# Status of GHOST vulnerability? CVE-2015-0235

## planet-admin

As noted all over the internet today:

http://arstechnica.com/security/2015/01/highly-critical-ghost-allowing-code-execution-affects-most-linux-systems/

http://www.openwall.com/lists/oss-security/2015/01/27/9

http://ma.ttias.be/critical-glibc-update-cve-2015-0235-gethostbyname-calls/

There is a significant vulnerability. While we know that Gentoo is a rolling release, it would be good to know exactly what version of glibc we can consider as having been safe if it or greater is installed.
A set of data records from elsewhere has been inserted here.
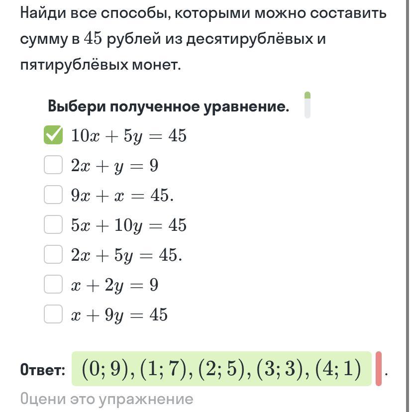 Найди все способы,которыми можно составить сумму в 45 рублей из десятирублевых и пятирублевых монет.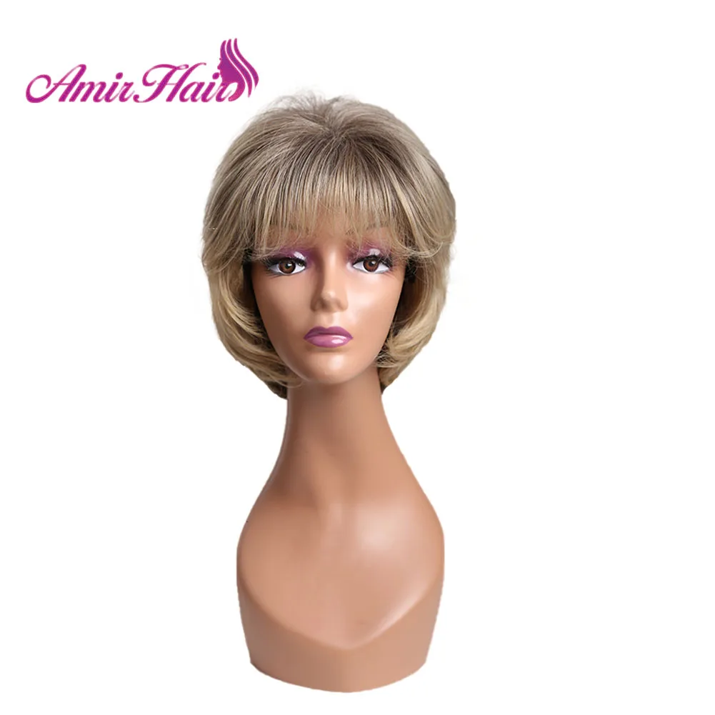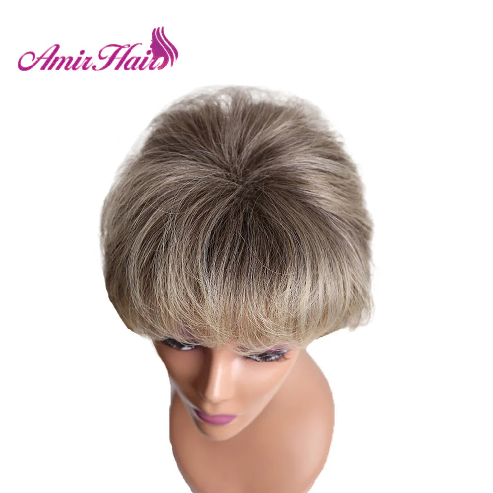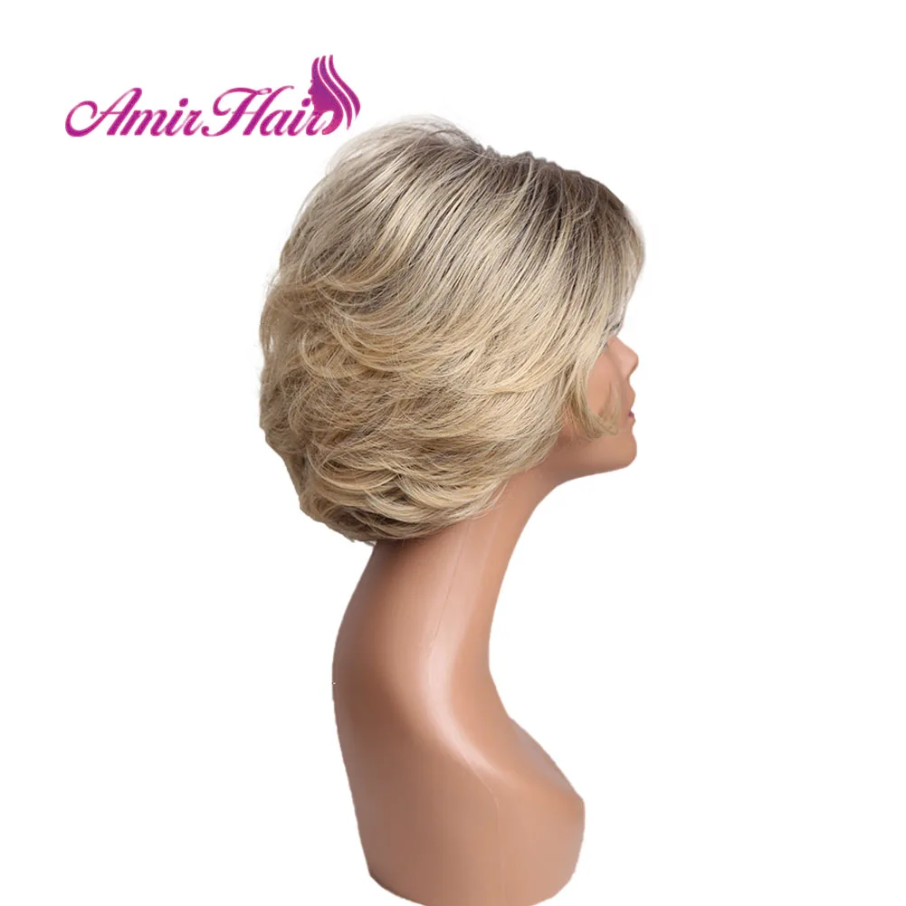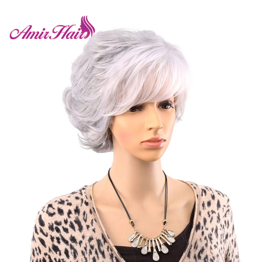 Амир короткий парик для женщин синтетические седые волосы кудрявые парики Мягкий бесклеевой блонд Омбре парик термостойкие волокна полные парики косплей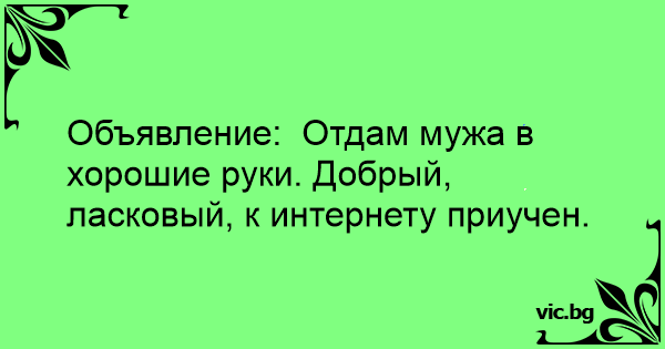 Объявление: Отдам мужа в хорошие руки. Добрый, ласковый, к интернету приучен.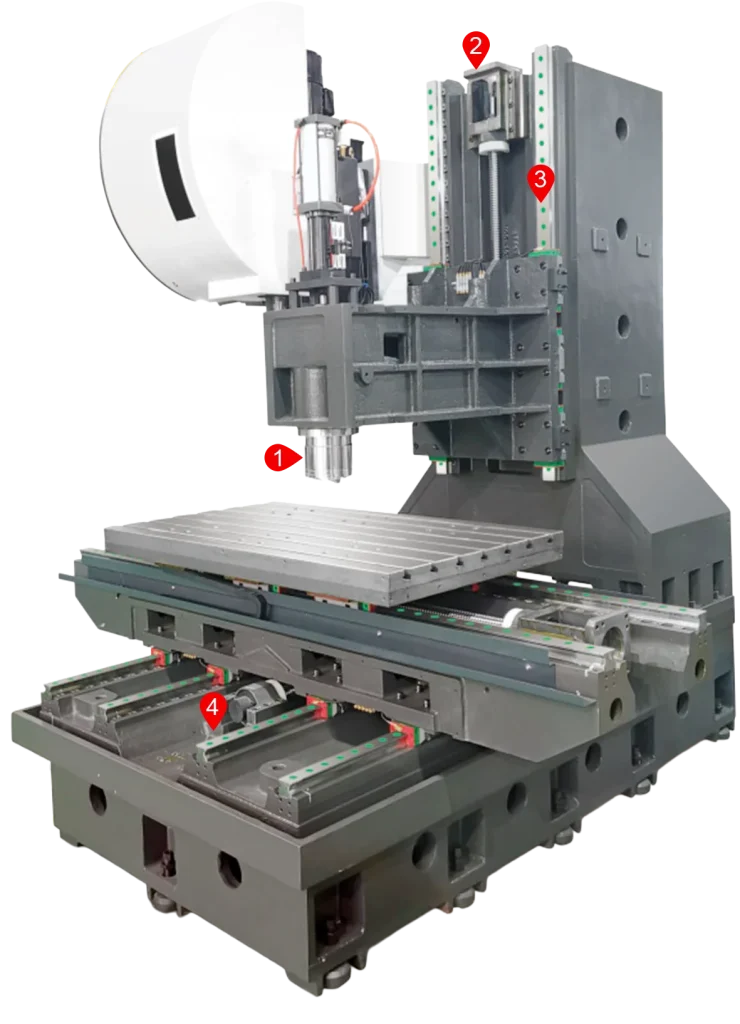 تتميز هذه الفريزة بقدرتها العالية على التحمل مع طاولة عمل قوية تتحمل حتى 1500 كجم، وسرعة دوران عالية حتى 12000 rpm، مع إمكانية اختيار سبيندل BT-40 أو BT-50 لتلبية احتياجات القطع الخفيف أو الثقيل.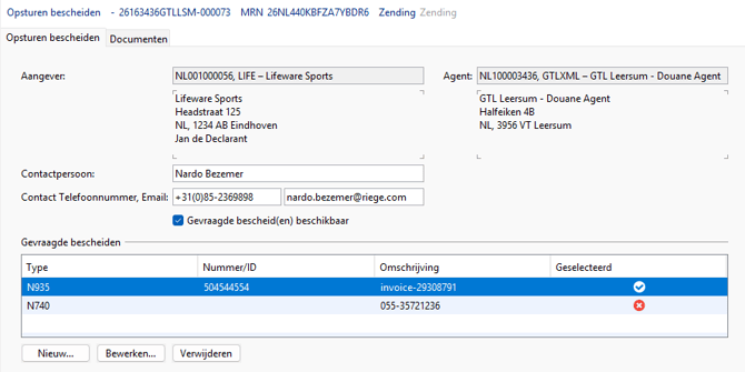Zodra de gewenste bescheiden zijn toegevoegd, kun je het bericht insturen. De Douane kan de aangifte daarna verder afhandelen.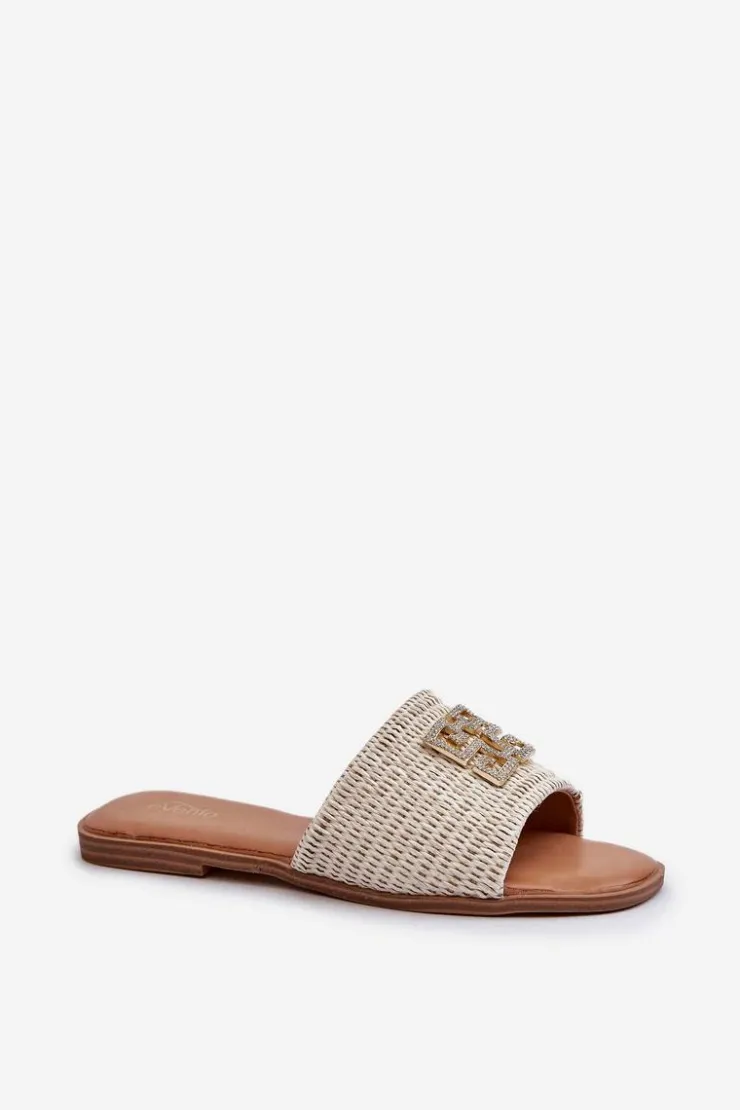 Damskie płaskie klapki z plecionką. Ozdoba z przodu nie tylko nadaje elegancji, ale także sprawia, że są doskonałym wyborem na wiele okazji, od relaksujących spacerów po plaży po letnie spotkania ze znajomymi. Przy wyborze rozmiaru prosimy sugerować się tabelą rozmiarów.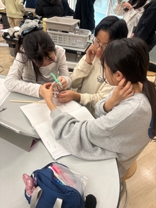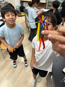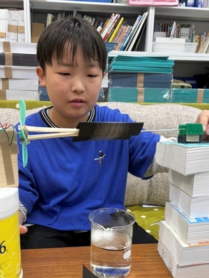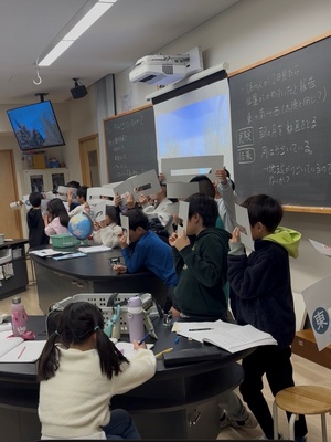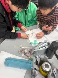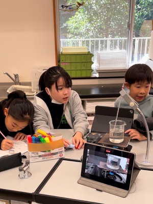 また、理科は授業時間だけで学ぶ教科ではないので、日常的に科学や自然の不思議さに触れられるように、理科室周辺の「理科展示」も工夫して行っています。休み時間や昼休み等に授業時間だけでは疑問が解消しなかった子たちが、「自由理科」をしに来ることもあります。
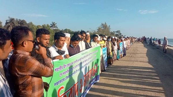 শাহপরীর দ্বীপে বালি উত্তোলনে দ্বীপবাসী আতঙ্কিত,দ্রুত বন্ধের দাবিতে মানববন্ধন!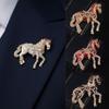 Luxury Zodiac Animal Lapel Pins Rhinestone Metal Badge Pin Strong Horse Brooches for Women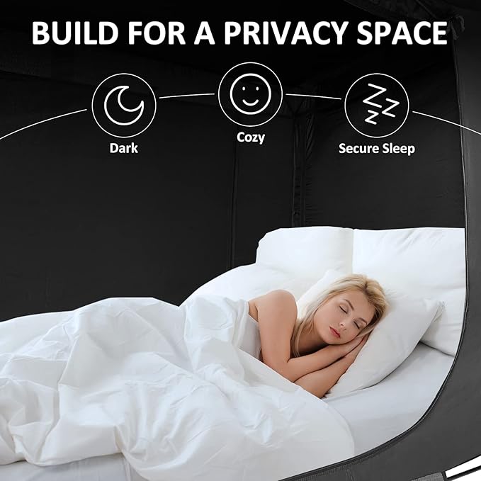 - RELAXING PRIVATE SPACE: This full bed tent measures 75 x 54 x 47inches and fits double beds. It creates a private space in dorms, shared rooms, offices and more, which means you can have more relaxation time. The bed tent also provides you with a better night's sleep at bedtime and during naps. Bed tents allow you to see out, but no one can see in. You can adjust the panel as needed to control the light and create a cozy environment.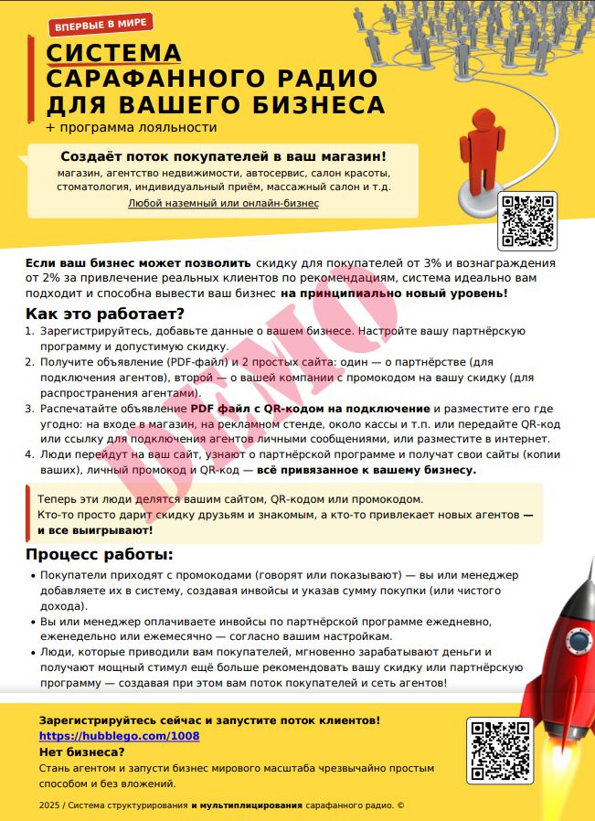 - Получайте доход от работы агентов, которых привлекут эти магазины.
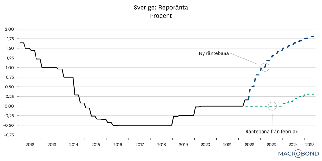 Det är en anpassning till prissättningen på marknaden som indikerar förväntningar på täta höjningar både i år och nästa år. Det som har lett fram till 180-graderssvängen är som bekant den allt högre inflationen som har överraskat de flesta bedömare.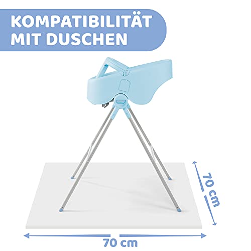 BABYSTOEL MET VOET VOOR DOUCHE: Neemt weinig ruimte in beslag en kan worden gebruikt in een standaarddouche (70×70 cm); dankzij de praktische voet zit het kind op dezelfde hoogte als de ouders zodat deze niet hoeven te bukken
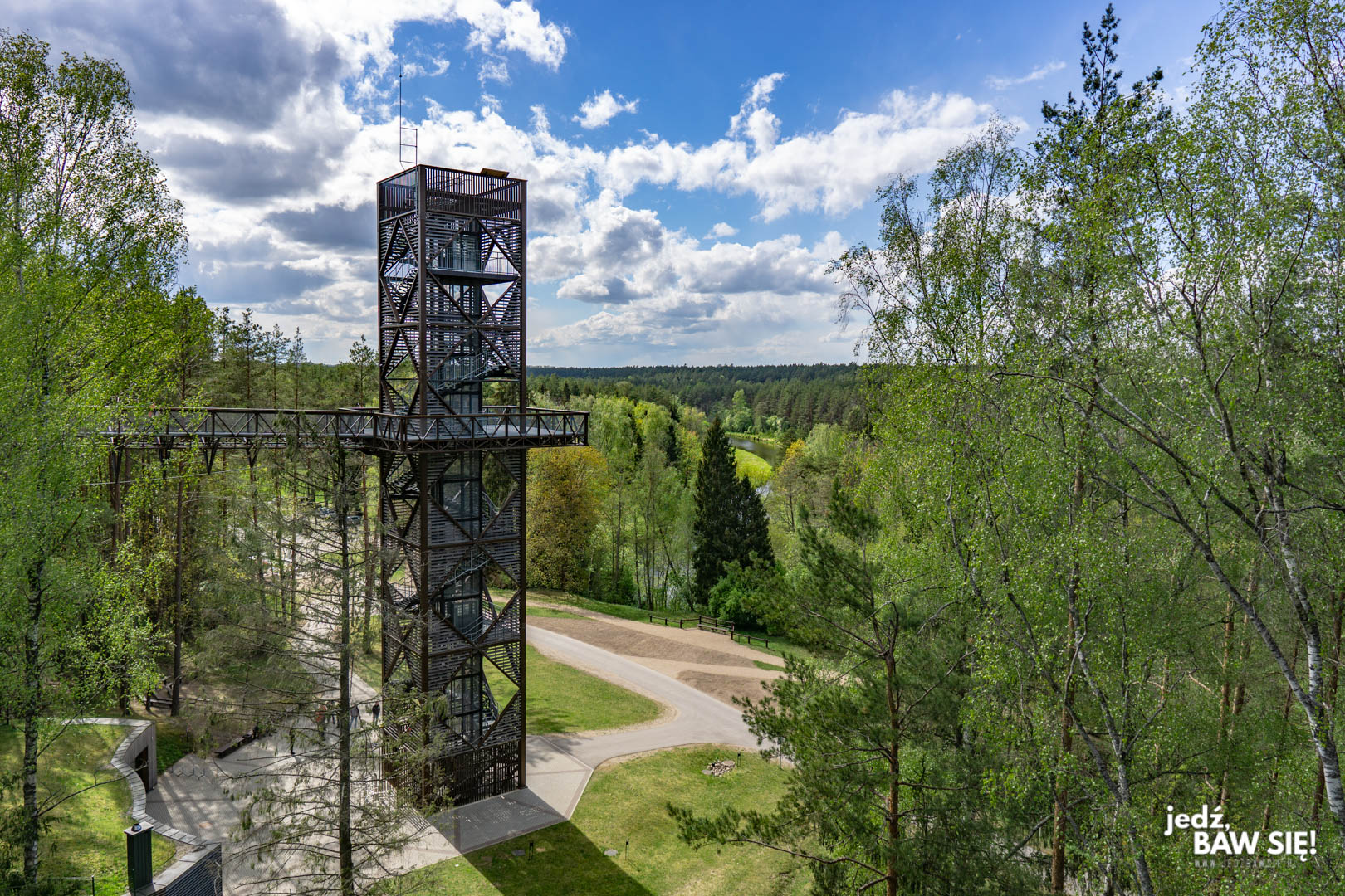 Zacznijmy od wycieczki, którą można opisać jako najbardziej problematyczną. Jest tak dlatego, że wymaga ona skoczenia w głąb Litwy i to na dość sporą odległość od Wilna. Jedyna (jak na razie) w państwach nadbałtyckich ścieżka w koronach drzew położona jest circa 100 km na północ od litewskiej stolicy, w pobliżu miejscowości Onikszty. Została zbudowana w 2015 roku, więc można śmiało powiedzieć, że to obiekt nowoczesny, na którym czas nie odcisnął jeszcze swojego piętna, a do tego wyposażony we wszelkie potrzebne udogodnienia (w tym windę dla osób niepełnosprawnych).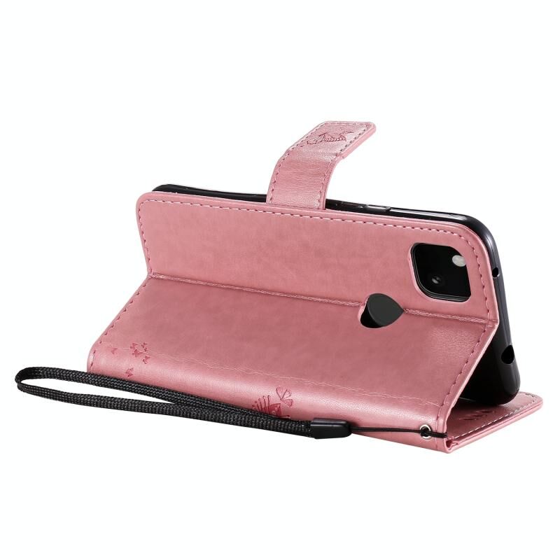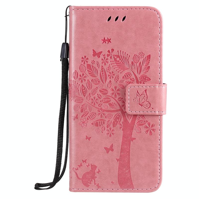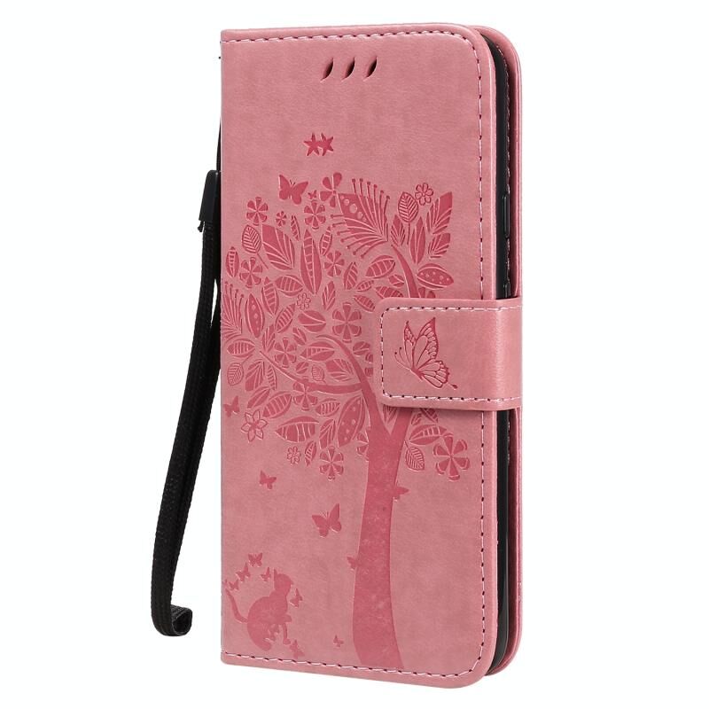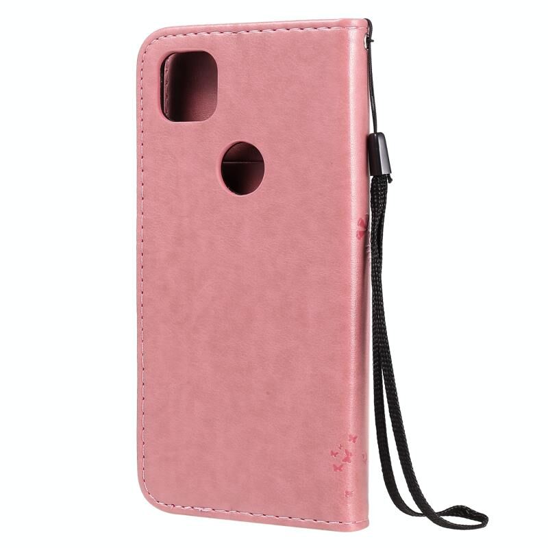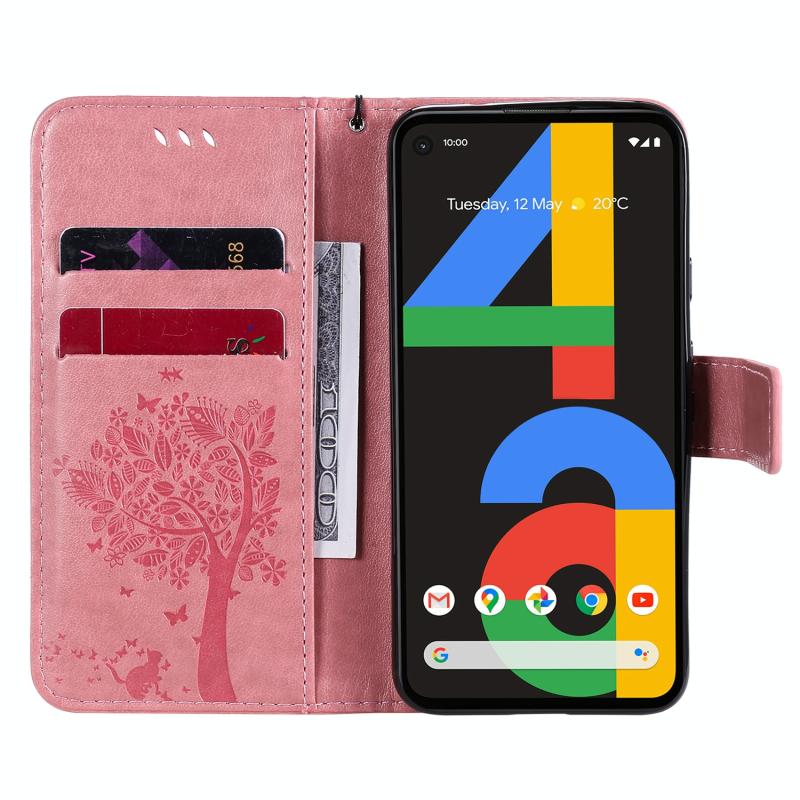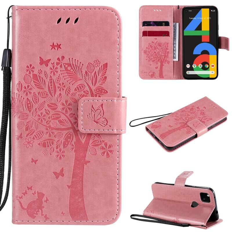 For Google Pixel 4a 4G Tree & Cat Embossed Pattern Horizontal Flip Leather Case with Holder & Card Slots & Wallet & Lanyard(Pink)

What is the official stance on this?

Thanks,

Michael

----------

## saellaven

>=sys-libs/glibc-2.18 is safe. 2.19-r1 is stable on all platforms except mips (where no glibc is stable)

----------

## P1neapple

So we are safe if we use 2.19-r1? Good.

----------

## titanofold

 *P1neapple wrote:*   

> So we are safe if we use 2.19-r1? Good.

 

You are safe if you're using 2.18 even.

----------

## depontius

 *titanofold wrote:*   

>  *P1neapple wrote:*   So we are safe if we use 2.19-r1? Good. 
> 
> You are safe if you're using 2.18 even.

 

Back in August I jumped from 2.17 to 2.19.  Someone else on Phoronix said that 2.19 actually became stable on July 29.

----------

## shanew

My impression, though, is that anything statically compiled with a vulnerable version of glibc will still be vulnerable regardless of the glibc version currently installed on your system.  Admittedly, statically compiled packages are probably pretty rare on a "normal" computer, but embedded systems or installs that need to squeeze into small footprints might be another story.

So, two questions:  1. Can someone confirm or deny my impression?  2. How would one go about finding statically linked binaries on a gentoo system?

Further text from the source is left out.